The idea, well my idea at least, is to keep it simple. War starts with India, let the little buggers putter away towards an Indian port, once in the vicinity, target anything that moves. No need for us to communicate. Self-destruct once all torpedoes are lost, or go kamakazi.

If anyone tries to grab it, blow up, after shooting all torpedoes of course. Think of it as an underwater MIRV cum cruise missile.

where is @Bilal Khan 777 ? 

Indian ports are relatively close to Pakistan, and many of their major ports including Mumbai could easily be targeted this way in case of war.


----------



## Armchair

Solomon2 said:


> Translation: a the new weapon to enable the next generation of 26/11 terrorists.



Translation: American trying to make shallow statements about things he does not understand, half way around the world.
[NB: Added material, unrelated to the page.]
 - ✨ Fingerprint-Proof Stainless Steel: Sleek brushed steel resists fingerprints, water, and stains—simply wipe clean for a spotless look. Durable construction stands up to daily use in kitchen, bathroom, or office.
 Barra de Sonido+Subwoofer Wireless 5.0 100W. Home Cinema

Pakistan has had mini-submarines for decades, and never have they been found to be used by anyone other than the SSG(N).

these are actually replacements of the mini-submarines Pak has, which are now too old to be safely operated.
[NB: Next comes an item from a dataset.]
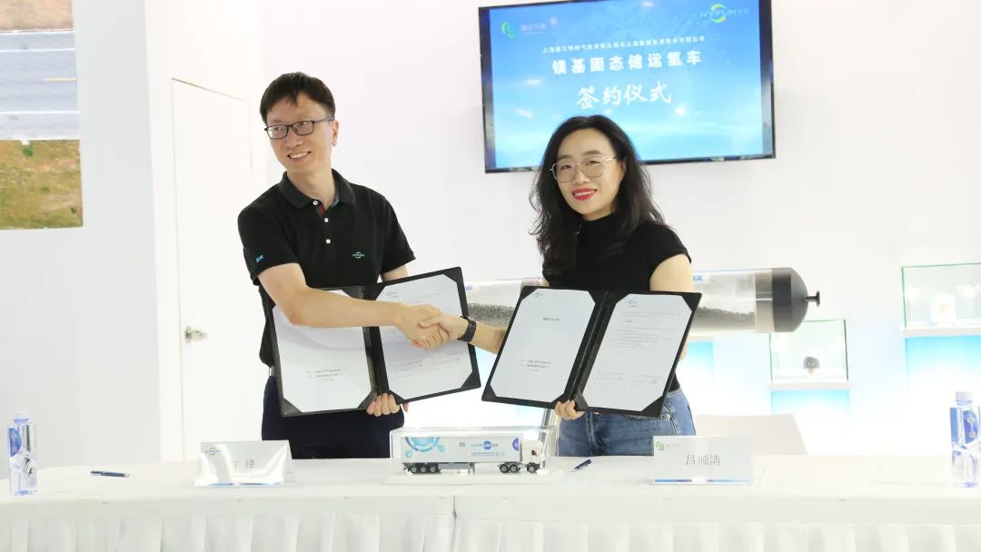 在這場(chǎng)氫能界的盛會(huì)上,上海氫楓能源技術(shù)有限公司(以下簡(jiǎn)稱:氫楓能源)與上海浦江特種氣體有限公司(以下簡(jiǎn)稱:浦江氣體)達(dá)成了一項(xiàng)重大合作,雙方簽署了批量鎂基固態(tài)儲(chǔ)運(yùn)氫車采購(gòu)協(xié)議。

BTW, the biggest terrorists in the world are the zionist jews like yourself.

Reactions: Like Like:
2


----------



## dBSPL

GriffinsRule said:


> How would one control/communicate an unmanned sub hundreds of miles out in the ocean and underwater? And if that communication is lost for whatever reason, how would that link be re-established and would that mean the sub sinks to the bottom of the ocean in the meantime or surfaces for anyone to come in and grab it?
> 
> Overall the idea sounds completely unfeasible to me, bar some giant technological leap that sprouts up in Pakistan. What the likelihood of that happening is, we can all guess, but I think this idea can be shelved and revisited maybe after another 30 years or so.
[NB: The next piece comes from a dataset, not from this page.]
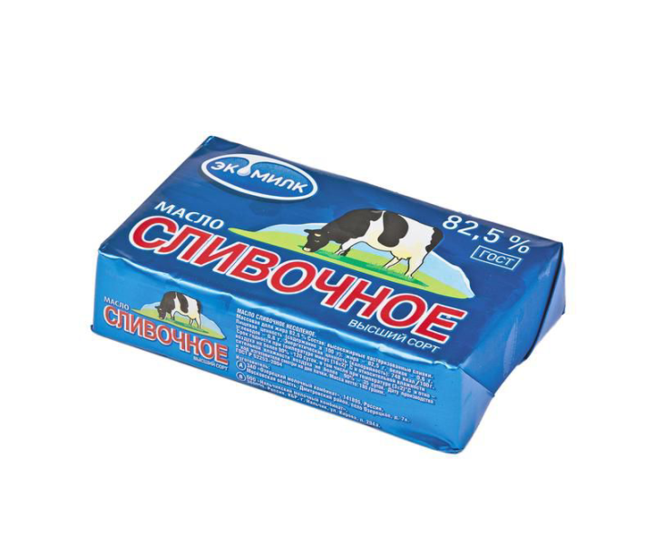 Сливочное масло ЭКОМИЛК высший сорт 82,5% изготовлено из пастеризованных высокожирных сливок, которые придают ему настоящий молочный вкус. Сливочное масло может служить как самостоятельным продуктом, так и применяться при приготовлении соусов, каш, мясных и овощных блюд. Уникальный набор аминокислот и витаминов, содержащихся в сливочном масле ЭКОМИЛК, делает этот продукт незаменимым в детском питании. Массовая доля жира 82,5 % Состав: высокожирные пастеризованные сливки Пищевая ценность (содержание в 100 г): жира – 82,5г, белков – 0,6г, углеводов - 0,8 г. Энергетическая ценность 748ккал Срок годности: - 120 суток при Т не выше минус 16'C; - 35 суток при Т от +1'C до + 3'C. ГОСТ Р 52969-2008. Производитель: ЗАО Озерецкий молочный комбинат, Москва. Россия

Therefore, remote control has no meaning, anymore. The concept that stands out here is autonomous machines. Today, even in the simplest tactical UAV systems, the most intensive field of study is the decision support systems and ECM components.

In underwater communication, the use of Optical Communication Systems is increasing.

Conventionally, RF and acoustic technologies are used in submarine communication systems. This has several disadvantages. In these, jamming , signal-cutting and listening can be done by enemy-counterparts. Optical systems are developed as an alternative to RF communication and as a hybrid model. It will be a very important multiplier to gain the ability to communicate, inaudible, uncuttable and unjamable, especially between submarine-helicopters, submarine-divers(or UUVs) and at the same time with surface ships.

Reactions: Like Like:
2


----------



## ziaulislam

Thorough Pro said:


> nopes, they are very light and more efficient in terms of charge per gram of weight
> 
> 
> 
> 
> Remote controlled submerged drones are the future, a lot cheaper than the subs, no humans thus unlimited time at sea, much smaller in size, hence very difficult to locate


and what will be the means of "remote control" in the sea? i am curious


----------



## GriffinsRule

dBSPL said:


> Therefore, remote control has no meaning, anymore. The concept that stands out here is autonomous machines. Today, even in the simplest tactical UAV systems, the most intensive field of study is the decision support systems and ECM components.
> 
> In underwater communication, the use of Optical Communication Systems is increasing.
> 
> Conventionally, RF and acoustic technologies are used in submarine communication systems. This has several disadvantages. In these, jamming , signal-cutting and listening can be done by enemy-counterparts. Optical systems are developed as an alternative to RF communication and as a hybrid model. It will be a very important multiplier to gain the ability to communicate, inaudible, uncuttable and unjamable, especially between submarine-helicopters, submarine-divers(or UUVs) and at the same time with surface ships.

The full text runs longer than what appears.